Another promising application of machine learning is in synthesis planning. The challenge here is to identify a feasible route (i.e., the reaction steps, conditions, and reactants) for the synthesis of chemical compounds starting from available chemicals. Ideally, we want a program that takes a target structure as input and provides a list of detailed feasible reaction steps, simultaneously minimizing the number of steps and complexity of the process. Data-driven approaches have recently been explored and shown to be promising for finding the synthesis steps in organic retrosynthesis,12,114,138,139 suggesting organic directing agents for the synthesis of zeolites,140 and identifying new phases of inorganic compounds.127

Challenges and Opportunities

1. Data

An Ecosystem with Standards

The most elementary part of machine learning studies is data. The basic standards for data management have been explained in terms of the findable, accessible, interoperable, and reusable (FAIR) guiding principles.141 In essence, the FAIR principles require (meta)data to be openly retrievable by a unique global and persistent identifier as well as provided with the usage license and detailed provenance. To fully meet the FAIR principles, we must not only develop and use standardized ways of reporting data but also provide ways to access the tools, protocols, codes, and input parameters so that the data can be reproduced. Consequently, developing user-friendly, encouraging ecosystems for sharing and programmatically accessing FAIR data is a fundamental step and a key challenge to unlock the true power of data-driven approaches in the chemical sciences. In addition, it is now common that funding agencies ask for data management plans and require that all data be made publicly available. However, systematically doing these tasks requires a complete rethinking of the way we do research, in which reproducibility and data sharing are the starting point rather than an afterthought to meet the requirements of a journal or funding agency.

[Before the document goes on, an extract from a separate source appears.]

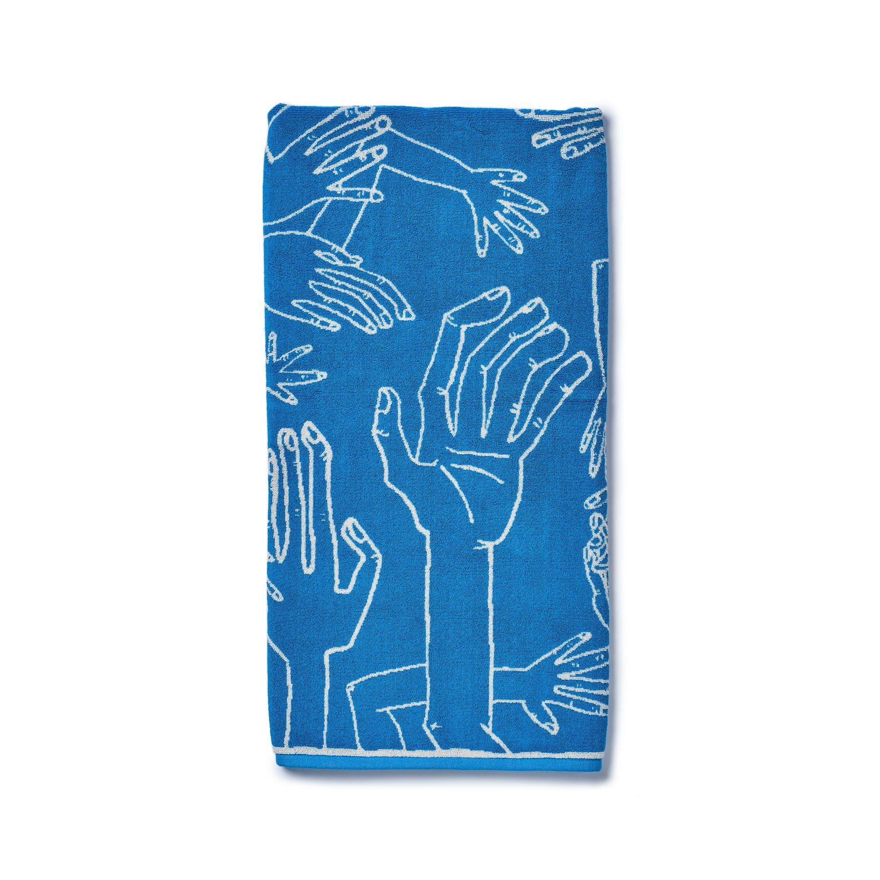 This all-cotton towel features a cheeky illustration by artist Jessica Thornton Murphy. Hop out of the tub and give yourself a handshake. a high-five. or a hug. These towels are handy for the bathroom or the beach.

Collection of Experimental Data

While machine learning using failed experiments can be expected to be one of the most important areas in chemistry,109,128,142 a large body of these failed experiments remains unreported. It is too demanding to expect researchers to spend a considerable fraction of their time on documenting failed experiments. Instead, since data are routinely generated over the course of a research project, solutions that are fully integrated with experimental instruments are needed in order to collect data while the user is performing the experiments. Such platforms have remained underdeveloped in chemical sciences. For example, electronic lab notebooks (ELNs),143145 allow sharing of protocols, postprocessing scripts, and measurement techniques in a collaborative fashion as well as real-time data acquisition. More importantly, ELNs can allow all of the data (failed and successful) to be published in standard formats with little or no additional effort on the part of the researcher. However, it is essential for the chemistry community to embrace the development of such an open science infrastructure.

Reproducibility

Anyone who has tried to reproduce results from the literature can testify that in many cases the articles do not provide all of the information needed to reproduce the results. In the case of computational results for example, often there are unreported parameters (e.g., default parameters in a code), and the reader of the article may be unaware of their importance. However, if these parameters change over time or different ones are used in different groups, it becomes impossible to reproduce the results. The most simple solution is to publish all input files and all scripts along with the article. However, managing this for large-scale calculations using multiple codes becomes intractable, and therefore, one needs a special infrastructure to be able to do this systematically. Recent development of infrastructures in this area, such as Materials Cloud and AiiDA,35,146148 and FireWorks149 are opening promising paths toward addressing these issues. Automation and workflow development and execution tools for machine learning in materials science are also under development, e.g., ChemML150 and Automatminer.151 Creating, maintaining, and encouraging the use of these open science infrastructures require the support of the computational chemistry community.

Data Curation

As important as they are, data management and curation are among the least enjoyable, time-consuming, tedious, and error-prone tasks. Specifically, since we deal with a large number of data points, e.g., a large number of structures in databases like the CSD, manual inspection is out of question, and the development of new methods is inevitable. Exploring machine learning methods for improving or even building new innovative ways of data curation is an opportunity for future research in chemistry and materials science. Such methods for automatic data curation have recently received attention in many disciplines, including the chemical sciences.152155 For instance, by coupling uncertainty estimation methods exploiting the statistical nature of machine learning methods, one can identify mistakes and anomalies in big data. For example, in cases where the machine learning model is confident in its predictions but large discrepancies are observed with the reported data, the user can be warned to double-check the entry to avoid mistakes in databases.

Data in the Literature

There is a large body of data stored in the literature. Natural language processing for extracting data from text and image and sequence processing techniques for analyzing spectra would be potentially interesting. Unfortunately, a major obstacle to overcome here is to convert Portable Document Format (PDF) to compatible formats (e.g., plain text). In the future, it might be beneficial for the scientific community to consider reporting in other formats that are better suitable for machine interpretation.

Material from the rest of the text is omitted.